The birth of football in the United States goes back to Nov. 6, 1869, when teams from Princeton and Rutgers universities met in New Brunswick, New York, for the 1st intercollegiate football game. In the early games, each team was allowed twenty five players. By 1873 this number had been reduced to twenty, in 1876 it was reduced again to fifteen, and in 1880 to the present day number of eleven.
Over the years many changes have been made to the game. The playing field itself has been reduced in length from one hundred and twenty yards, exclusive of end zones, to the present one hundred yards, and in width from one hundred yards, to the current fifty three and one third yards.
The first baal used was round then became an oval shape 23 inches around the middle, and now is 20 3/4 -21 1/4 inches around the middle. Originally a touchdown was counted as two points and a field goal was five points. In the present day game a touchdown is worth six points and a field goal three points. Changes in the rules have been made to maintain a balance between the offense and defense, and to foster the safety of the players.

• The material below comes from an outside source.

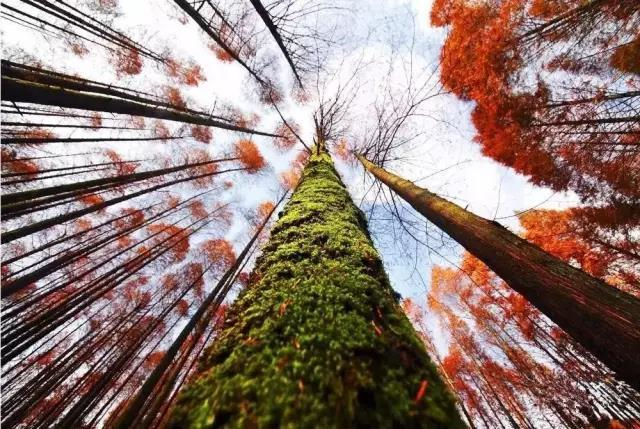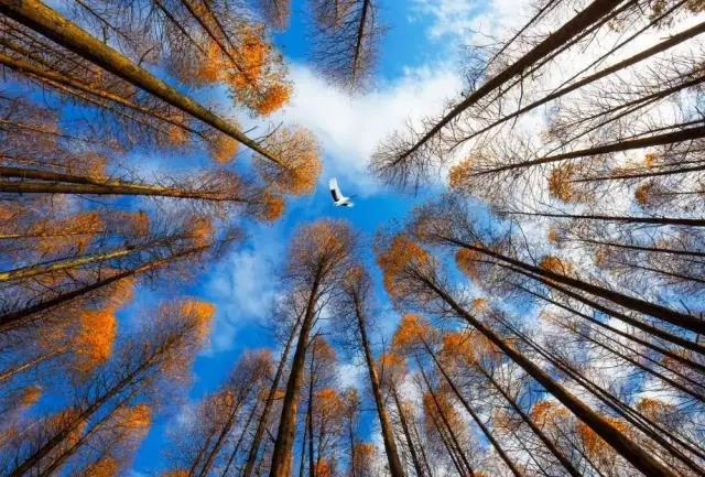 在林间抬头而望,总会看到意外的风景,蓝天白云下,笔直的树干和斑斓的红叶尤为夺目!随手一拍,都是浑然天成的明信片!

By 1906, the game was extremely rough, and many injuries and some deaths had occurred. Educators considered dropping the sport despite its popularity on campuses. Then President Theodore Roosevelt, an ardent advocate of strenuous sports, declared that it must be made safer. As a result, football leaders revamped the game and many of the rougher tactics were outlawed.
One of the major changes to the rules was the legalizing of the forward pass.
It was hoped, and this hope was proven correct, that by opening up the game fewer players would be injured in the mass rushing plays that were so popular and effective at the turn of the century. The rules committee also changed the downs system, requiring a team to make ten yards, not five, in 3 tries for a 1st down. In 1912 the rule was changed to 4 tries, or downs, to make a 1st down.
After World War Two, college football players began to receive athletic scholarships in such increasing numbers that today nearly every major college football player is paid room, board, tuition, and other expenses, usually from donations from alumni and game profits. At the same time, the quality of the game has improved. Nearly all major college football teams are members of either the National Collegiate Athletic Association (NCAA) or the National Association of Intercollegiate Athletics (NAIA), which implement the rules and oversee competition between teams. most of the major universities are grouped in conferences, such as the Big Ten, the Pacific Ten, the Big Eight, the Southeastern Conference, and the Ivy League. College teams usually play about eleven games a season.